Francesco Battistini, Corriere della Sera 04/04/2012, 4 aprile 2012
L’HAPOEL IRONI E’ IL CHIEVO D’ISRAELE. IL MIRACOLO CALCISTICO FIORITO TRA LE BOMBE — I
campioni siamo noi. E i bersagli, sempre noi. L’altra sera su Selinger Street hanno sparato i fuochi: artificiali, per una volta. E festeggiato i cannonieri: quelli che non fanno male. E s’è inneggiato a chi aveva ammazzato, ma solo il campionato. C’erano i botti, che non sono una novità, però nessuno è corso nei rifugi antimissile. E s’alzavano i cori, invece delle solite sirene. Caroselli di macchine, salti e abbracci. Hanno anche appeso sul passeggio uno striscione un po’ retorico: «La storia più bella del calcio». E cucito un po’ d’ironia su una sciarpa biancoblù, in un’hamburgeria del centro: «Hezbollah, provate a tirare in porta da dove siete!».
Granate & pallonate. Il calcio alla guerra stavolta l’hanno tirato da uno sperduto angolo che in Israele è il sinonimo della sfiga: Kiryat Shmona, 23 mila sefarditi schiacciati tra l’esplosivo confine col Libano e le contesissime alture del Golan, un tempo nominata «la città degli otto» perché otto ebrei vi furono uccisi dagli arabi negli anni 20; poi diventata «la città del massacro», perché fu una strage in questi boschi a scatenare la prima invasione israeliana del Libano, anni 70; quindi soprannominata Kiryat Katyusha, perché negli 80 e nei 90 non v’era posto dove gli sciiti libanesi lanciassero più razzi... Oggi chiamata da qualche giornalista sportivo «il nostro Chievo», perché è riuscita in un miracolo: l’Hapoel Ironi di Kiryat Shmona, piccolo club fondato dodici anni fa e solo da sei promosso in serie A, l’altra sera ha vinto lo scudetto con cinque giornate d’anticipo. Staccando di 16 punti e oltre i favoriti ricconi dell’Hapoel e del Maccabi di Tel Aviv: «Una cosa mai vista», è incredulo il presidente, Izzy Sheratzky, uno che ha fatto i soldi vendendo gps e orientandosi nel calciomercato. «Siete la dimostrazione che si può ottenere tutto ciò che si vuole — ha scritto alla squadra il premier Bibi Netanyahu, in un messaggio di congratulazioni —. Questa è una festa per tutto il popolo d’Israele».

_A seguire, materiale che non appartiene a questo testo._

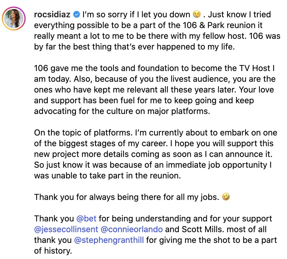 “I’m so sorry if I let you down 😢 . Just know I tried everything possible to be a part of the 106 & Park reunion it really meant a lot to me to be there with my fellow host. 106 was by far the best thing that’s ever happened to my life.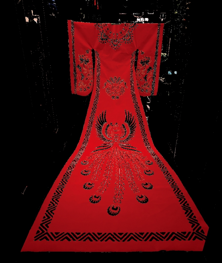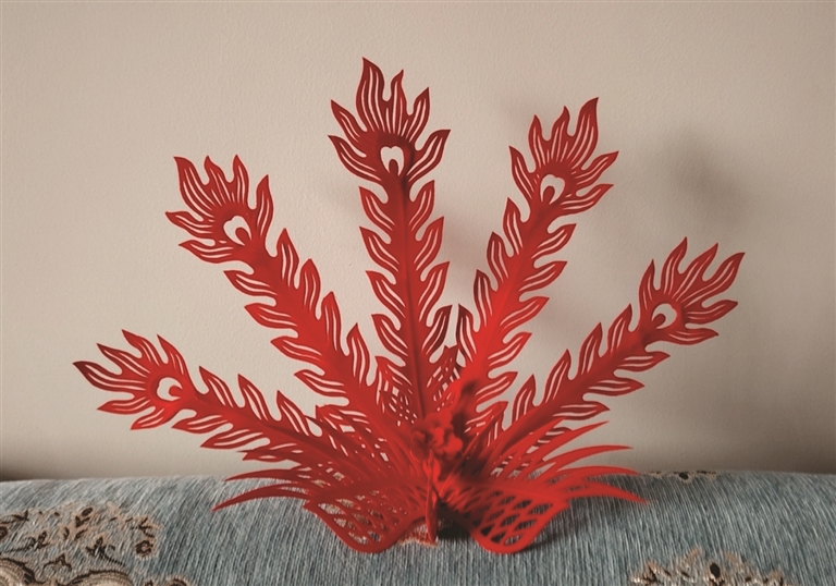 这份创新背后,是毫米间的极致匠心。凤凰头饰的翅膀与凤尾比例历经两次调整,只为呈现轻盈灵动的视觉效果;剪纸服饰既要保证全身图案主题统一,又要兼顾穿戴牢固度,在保留立体感的同时经得起日常触碰。“第一次看到平面剪纸‘立’在衣料上,随着动作轻轻晃动时,我觉得所有的繁琐都值了。”路冬梅回忆起模特首次试穿的场景,眼中满是欣慰。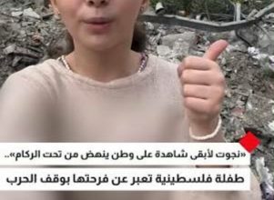 كتب/ هاني حسبو. طفلة فلسطينية تبعث رسالة فرحة وسعادة لوقف إطلاق النار في غزة وتقول:”الحمدلله نجوت من القصف والموت والرعب…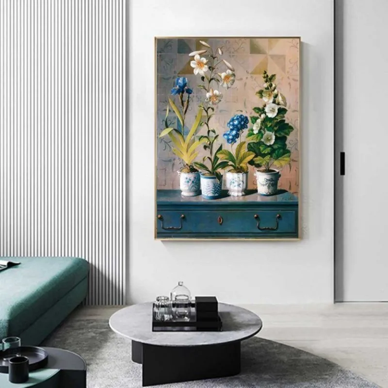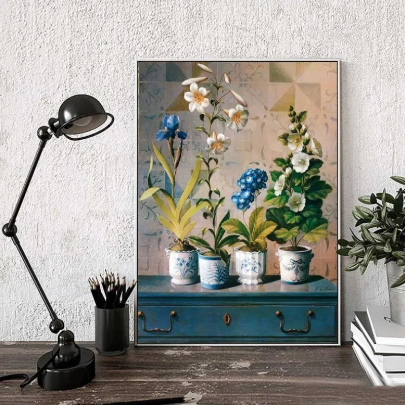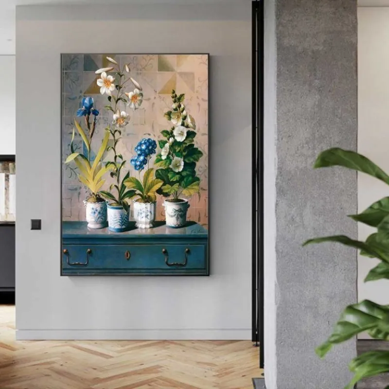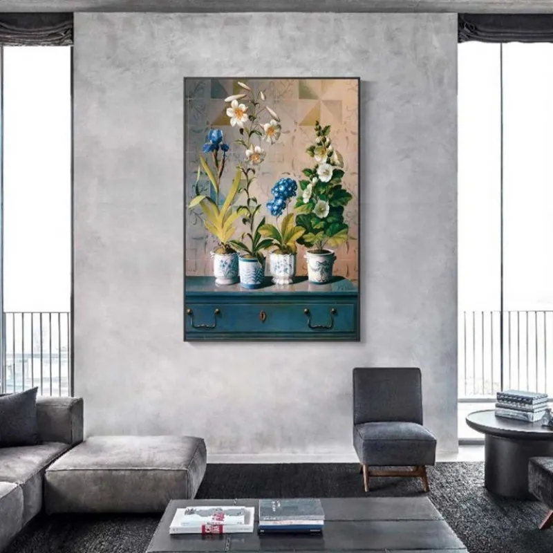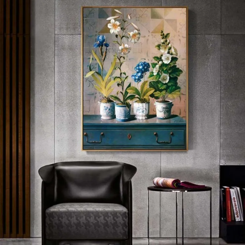 Trang in canvas các loại hoa lan, thiết kế màu trầm ấm mang vẻ cổ điển, thích hợp treo trong nhà có thiết kế nội thất màu nâu tối, với màu xanh biển đậm của bông hoa sẽ là điểm nhấn tuyệt vời cho ngôi nhà

È la storia di Davide e Golia: un classico, da queste parti. L’Hapoel Ironi farà i preliminari di Champions. E qualcuno già si chiede se il Barcellona o il Milan accetteranno mai di venire a giocare in questo stadio da 4 mila posti, su un lato una rete da cantiere che recinta un cumulo di pietre, quattro chilometri dalle batterie di Katyusha degli Hezbollah e dai campi profughi dove s’è installata Al Qaeda. Nel 2006, seconda guerra del Libano, su Kiryat Shmona piovvero 5 mila razzi in un mese, furono danneggiate 2 mila case (praticamente tutte), metà della popolazione se ne andò via. Non c’è ferrovia, l’aeroportino è deserto da una vita, le strade sono tortuose, le scuole chiudono spesso per motivi di sicurezza, i giovani sono disoccupati. E quando il governo israeliano ha messo a punto il nuovo sistema antimissile Iron Dome, è venuto a testarlo qui. «Anch’io all’inizio ero un po’ teso — rassicura l’argentino David Solari, 26 anni, uno dei quattro stranieri, fratello minore di quel Solari che giocava nel Real Madrid e nell’Inter —. Ma quando sei qui, e conosci le cose e la gente, tutto diventa più facile. Ora penso che sia un grande posto». Uno che se ne andrà è Ran Ben Shimon, l’allenatore. Non per paura: non gli hanno dato l’aumento che chiedeva. «Un po’ mi spiace — ammette —. Ma quel che conta è che l’Hapoel vada avanti. Ha dato a questo paesino la voglia di non mollare». Ci sono punti che salvano la vita, e non sono di sutura.